There was a sharpness in the air and we couldn’t find anywhere to get comfortable. Waiting on strangers can be tough, especially if it’s important. The homestead cabin was cold and it would have taken too long for the wood stove to warm it up. For a while, we sat at a table outside until that got unbearable, and finally ended up in the most appealing spot we could find ” the pickup truck.

“Those sons-a-bitches don’t know where they’re goin’, ya know that? God-oh-Friday, we coulda had this done, but it ain’t our project, so that’s that. This ain’t my only ranch, not by a longshot, but there’s no sense keepin’ it ” fella couldn’t make a living up here on this scrawny ground, no matter how hard he worked.”

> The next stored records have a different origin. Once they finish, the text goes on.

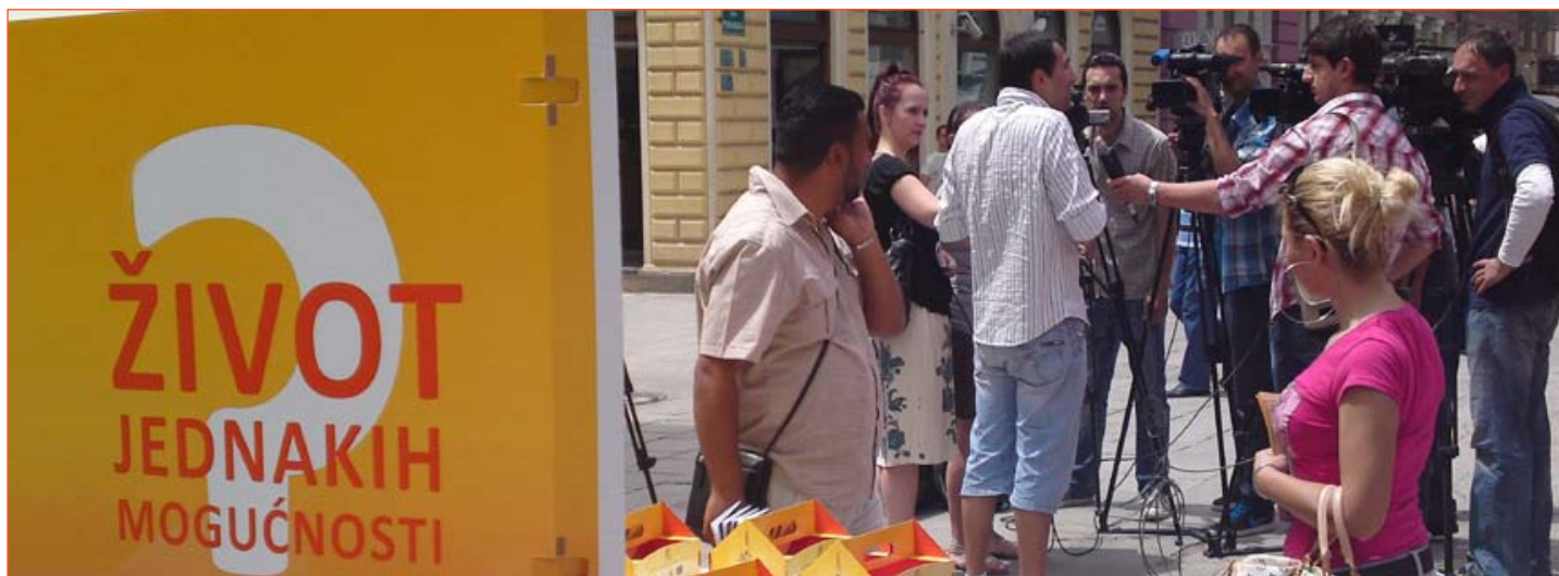
Promotional “street campaign” “Pillar of Shame”, Sarajevo

The biggest result achieved by this campaign is not more than 200 media appearances. The biggest results is that messages and stories of these “invisible” got their place in the media space, and the Roma population left its place in the “forgotten” category. The problems with which the Roma women and men are living with should be sufficient incentive to have these topics always present in the media reporting. This is the only way for the Roma population to have more changes for a life of equal possibilities.
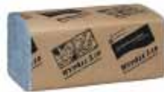
Part No. 05123

Part No. 05123 - Windshield Towel, qty 2240/cs
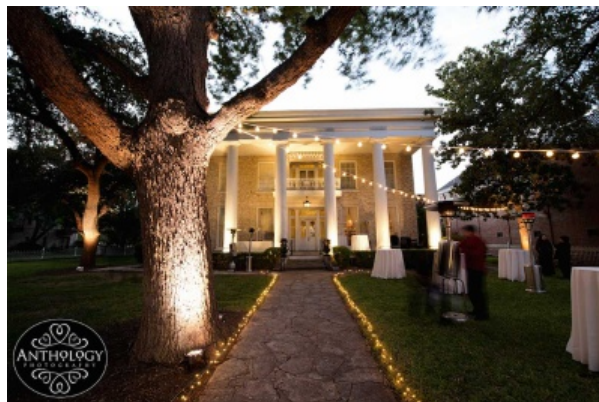
Neill Cochran House

Registration is limited. Registration: $30. Includes wine, beer, tea, coffee and water. FREE on-site parking; accessible.
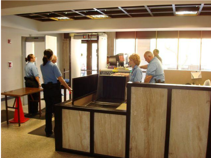
Entry Screening – A Court’s First Line of Defense
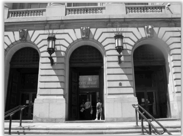
Cleveland City Hall
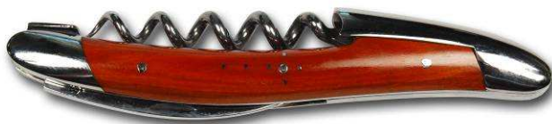
Ref: SOM ST CO (cocobola)
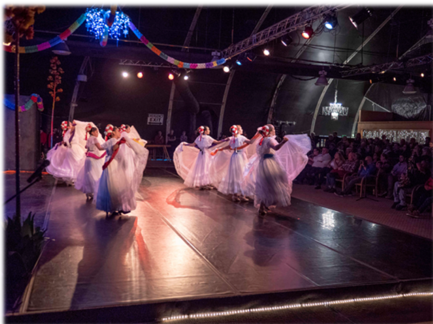
The Moving Arts Folklorico Dancers
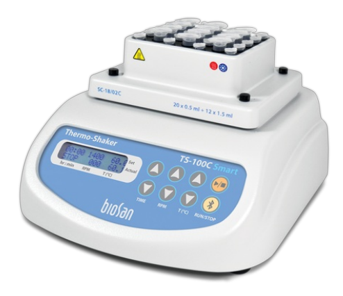
TS-100C Smart Software included, without thermoblock Thermo-Shaker with cooling for microtubes and PCR plates

Without thermoblock Thermo-Shaker with cooling for microtubes and PCR plates
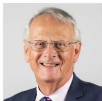
Connétable Len Norman Minister for Home Affairs
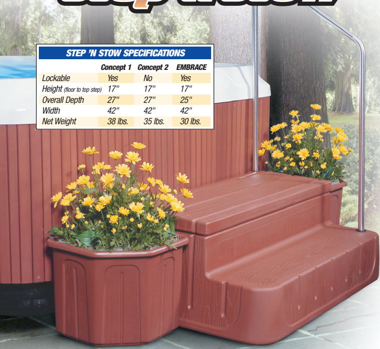
Step 'n Stow Concept 1 shown in Light Redwood with optional Hand Rail and Planters
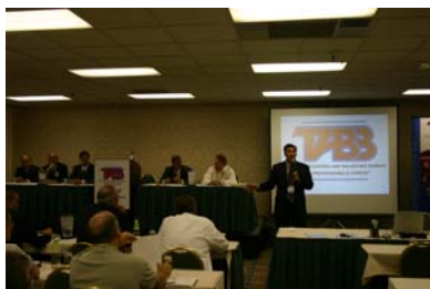
The ICB open forum.
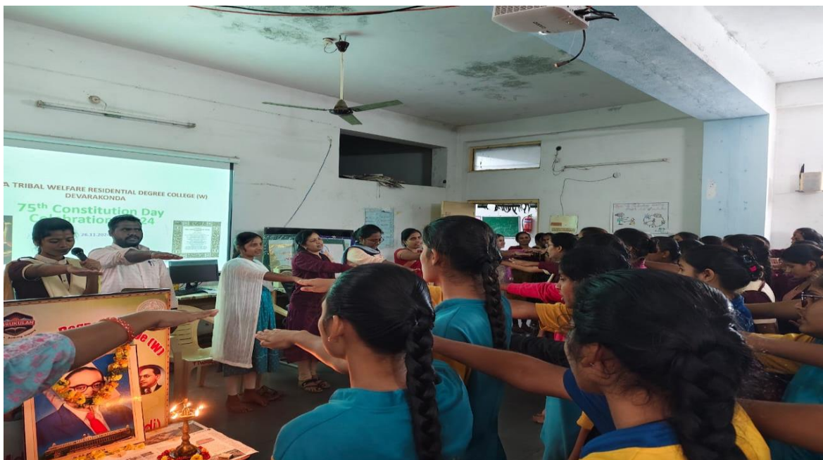
Taking the Pledge of Preamble On Constitution Day Celebrations
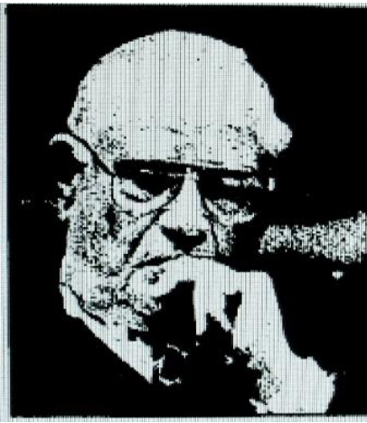
Sen. Ike Smalley
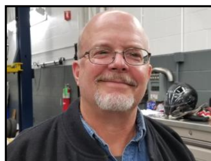
Eric Kirchner - Governor
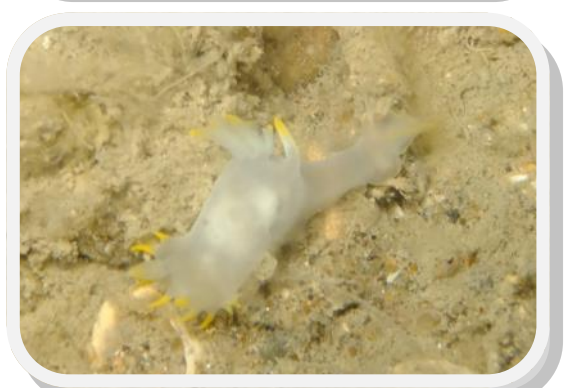
Top: A branching sponge and Sagartia anemone at Wreckless © Fiona White

Above: The nudibranch Polycera faeroensis at Wreckless © Fiona White
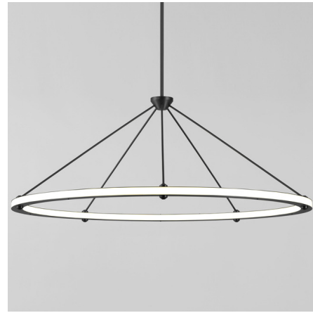
Shown in blackened steel

The Halo Circle Pendant makes use of energy-efficient LED technology to create a dramatic display of light. The pendant features an illuminated acrylic ring supported by a sleek steel frame. The frame's open, cage-like structure creates a light, airy expression that will not obstruct the view of the surrounding room.
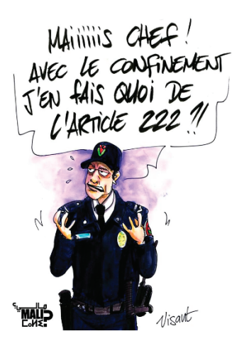
Figure 1. © MALI/Visant.
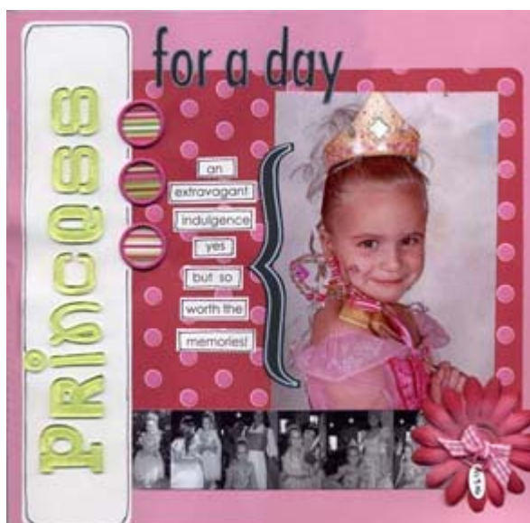
Princess for a day by Jen Dubbs

I used Pattern Paper and ribbon for the kit and added KI alpha soup letters, Bazzil flower (from a past kit) scrapwork hugz (painted to match), button and jump ringz.
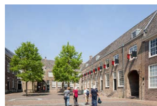
Het Hof van Nederland Museum, Dordrecht, NL
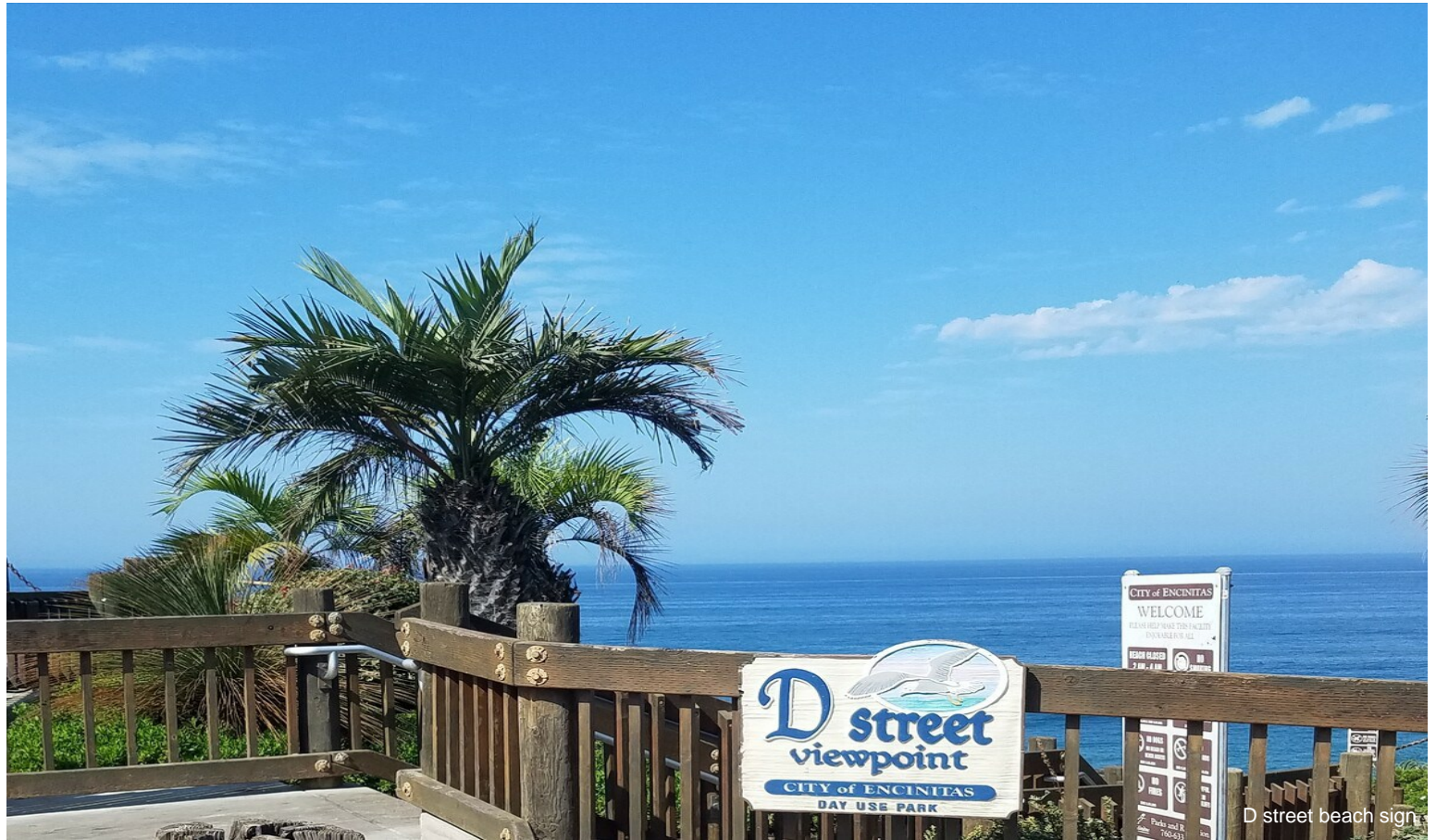
D street beach sign
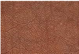
Figure 5. Wrinkles
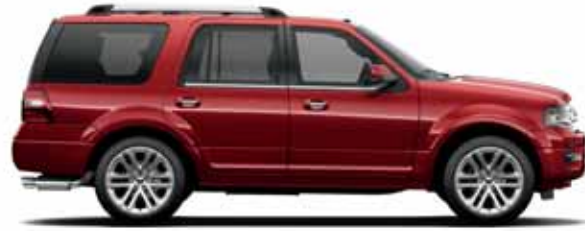
Ruby Red Metallic Tinted Clearcoat
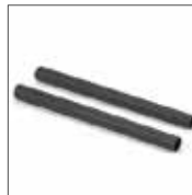
91995 - 2 - Piece Extension Wands Provides longer reach when cleaning.
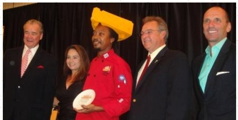
Negust Kaza—Best Use of Cheese
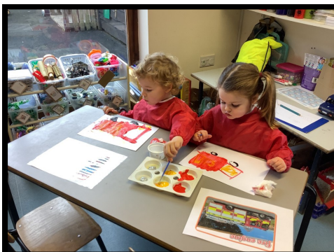
Creating Fire Engine pictures.
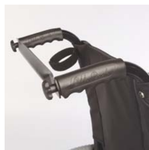
Version with back angle adjustment
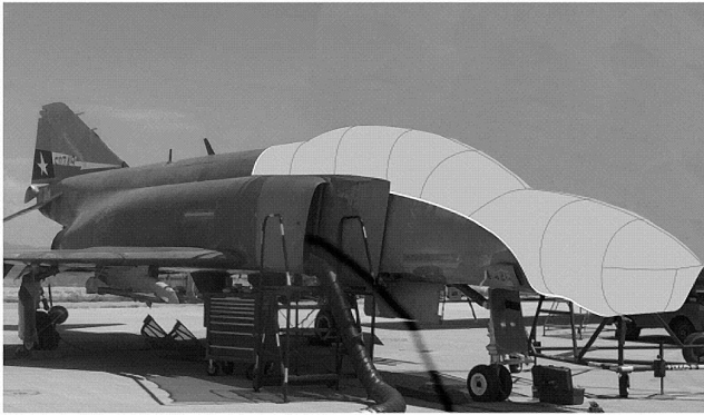
F4 Phantom Canopy/Nose Cover

Canopy Covers are commonly referred to as Cabin Covers, Fuselage Covers, Canvas Covers, Canopy Caps, etc.
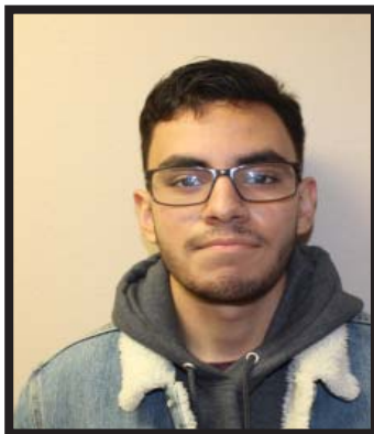
“Eminem” -- Ruben Carreon
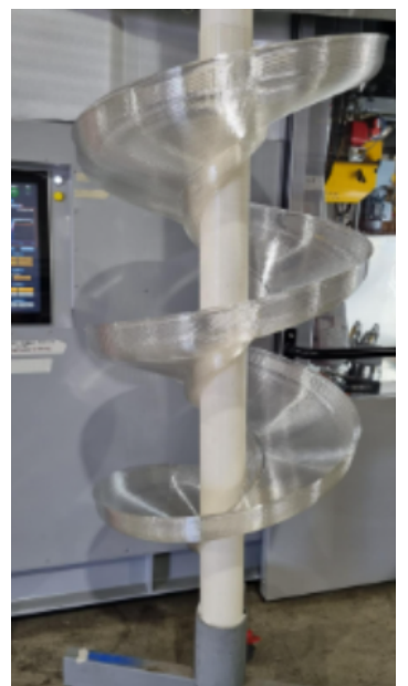
Sidewinder's bespoke 3D printing setup enables dual-material printing, real-time geometric correction and toolpath simulation, without the need for support structures.
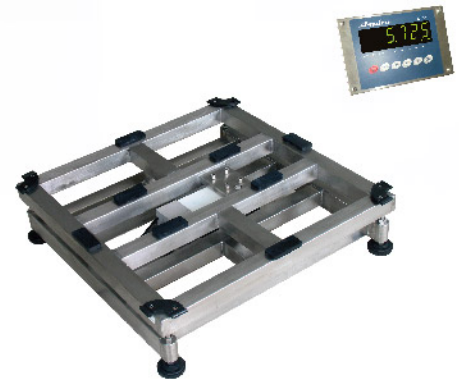
不锈钢秤体标配仪表AS131-SS Standard Configuration to Stainless Steel Scale body Indicator AS131-SS
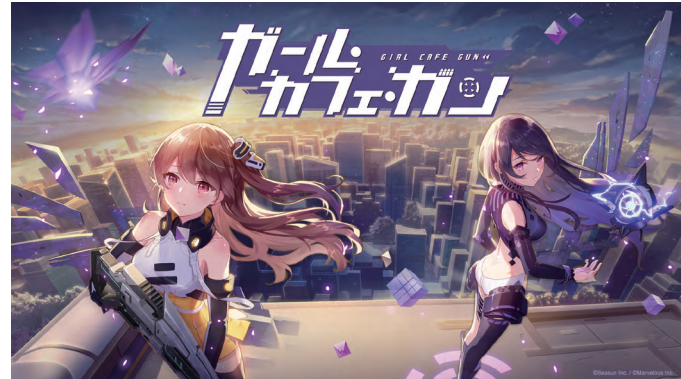
GIRL CAFE GUN

©Marvelous Inc. ©HONEY PARADE GAMES Inc.

I took the opening, with Mount Sopris gazing majestically down on us from almost straight above, and offered that probably nobody ever really made much money from cattle ranching anyway, at least not in the United States. He gave a short laugh and offered that I “sure as hell” might be right about that. We talked then about some of the more well known ranches around North America ” the Gang, XIT, 6666, Matador, JA, the King and how we wouldn’t mind having a spread comparable in size and activity. Although, if you can’t make any money, what’s the sense? “The only real money’s in real estate, always has been,” he quietly said.



But, hell, if you’re not strapped for dollars, maybe it’s about keeping the myth alive, the knowledge that when you walk out the door, you can survey what’s yours and realize the joy of what the West has really always been about ” open spaces.

There is an aura that the modern rancher, modern cowboy, if you will, exemplifies ” the almost-lost identity of our past, galloping through visions that we try so hard in our dreams and fantasies to hang onto, even if for just a little bit. Ranchers are today what ranchers have always been, sophisticated men of the West who give a sensual and artistic bent to the scenes that we conjure up in our minds. Stetsons creased with care and covered in dust, faded blue jeans tucked into the brightly colored tops of cowboy boots, wild rags tied under chins, rustling in the wind, and all assortment of vests, gloves, spurs and chaps adding the finishing touches to the workaday costume of the tall in the saddle, proud cowboy. These men, like the one with whom I batted ranching philosophy around, are rooted in unflinching traditions and are at uncompromising ease with their roles. They are the guardians of a world from our past, the American West of mythic proportions. It is ironic, if you think about it, that today’s cowboy, the reality of the cattle rancher’s West, is also yesterday’s cowboy, the mythical cattleman of the same American West.



We talked horses, some good ones we’ve had, and as we reminisced, the retired cow dog, Tip, circled the truck and remembered, perhaps, the many reluctant cows he’d put through the corral gate, just a short throw from the front of the truck.

And as we talked, somberness colored the tone, for the rancher realized, I think, that to unburden himself of the land he had nurtured so faithfully over the years was a sign of letting go, the taking of a tentative step into an unknown world where the answers are even fewer and further apart.

Well, here they come and I guess we’ll have to get out and give ’em a show. Let ’em know who owns the place and who’s still calling the shots. Someday, I reckon, they’ll have it all, just ’cause we look at land differently, but until then, we’ll buck it up and respect the men who, for generations, have traveled the disappearing trail of the West.